Howard found 2Succeed after the death of her toddler son, who had suffered from a muscular disorder.

"I was struggling to get up in the morning and get dressed," said Howard, who also had been a victim of domestic violence.

The culinary program meant focusing on learning new skills and meeting obligations such as coming to work as scheduled.

"It kind of got me out of the depression," she said.

Leila Howard speaks to a reporter inside the Mental Health Center of Denver, Jan. 7, 2020. (Kevin J. Beaty/Denverite)

She said addressing an illness such as depression should be as natural as going to the doctor when you have the flu.

"We notice what's wrong with our bodies and our minds," she said. "If something is wrong, we need to get help."

Howard, who said she had never spent much time in the kitchen before, said she learned things about herself too while working at Sally's.

"Washing dishes actually calmed me down. Just having the hot water on my hands was soothing."

"Just seeing people eating and happy makes me happy," she said. "It makes you feel good. It makes you feel like you have accomplished something: Not seeing someone hungry."

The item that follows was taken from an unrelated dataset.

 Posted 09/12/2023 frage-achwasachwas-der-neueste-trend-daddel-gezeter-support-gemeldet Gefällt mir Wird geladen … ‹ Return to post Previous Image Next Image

Howard said she did not plan to put her Sally's Café experience to work in a restaurant. Instead, she was going back to her old job in a mortuary. But she said an emphasis on healthy cooking at Sally's had changed her eating habits, and that she thought she would now be better able to care for her octogenarian grandmother, who would be coming to live with her.

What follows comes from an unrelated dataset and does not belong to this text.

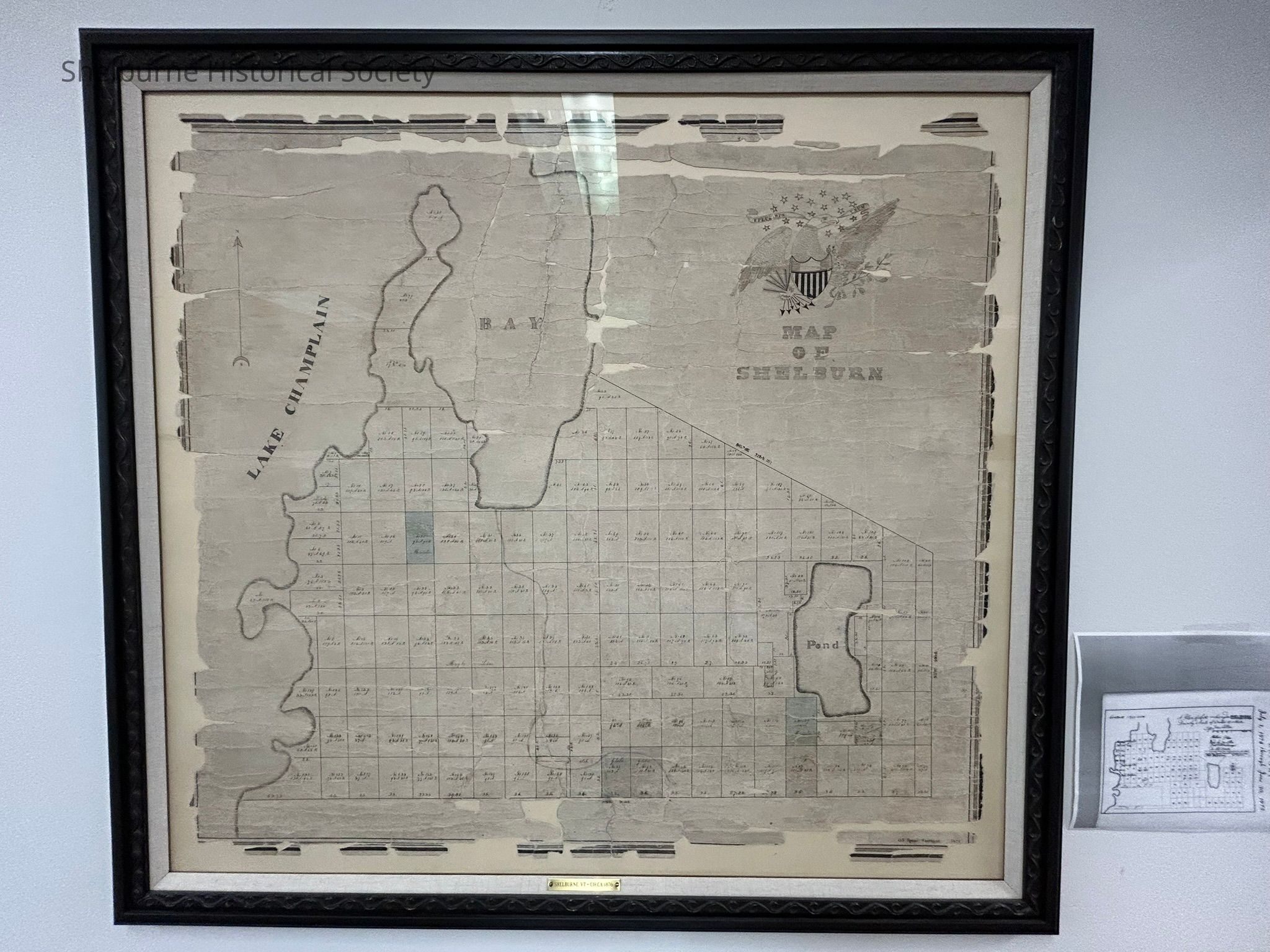 This is a primary source map for the Town of Shelburne, Vermont as it helps to make the transition of property ownership from the the original town grants to owners moving in to the town. The physical map was restored from a very poor condition by the Northeast Document Conservation Center in 1988 with funds provided by the Shelburne Historical Society. It was later framed behind glass and is on display in the Shelburne Vermont Town Clerks Office.Lexicon

Louie and Vigil emphasize cooking from scratch using fresh ingredients. Their trainee chefs came up with a heart-healthy menu for Thursday's Valentine's feast that included a sauce of tomatoes, onions and garlic to be served over the turkey meatballs and pasta; a salad of lettuce, olives, feta, roasted bell peppers and garbanzo beans; and a low-fat chocolate pudding sweetened with honey.

As he rolled meatballs alongside Walker on Thursday morning, Future Honesty said he'd worked for 15 years at a fast-casual restaurant where all he learned was to "lay the meat down and wait for the timer."

"Here, you're cutting the vegetables, sauteeing the vegetables, making the sauces."

Honesty said he hoped to manage a restaurant after finished the Sally's Café program.

Students such as Walker and Honesty earn minimum wage during their training in areas such as storing food, using knives and butchering. They can leave with certificates in food handling or food protection management. Through partnerships with restaurants and other businesses, the Mental Health Center of Denver also helps 2Succeed graduates find jobs.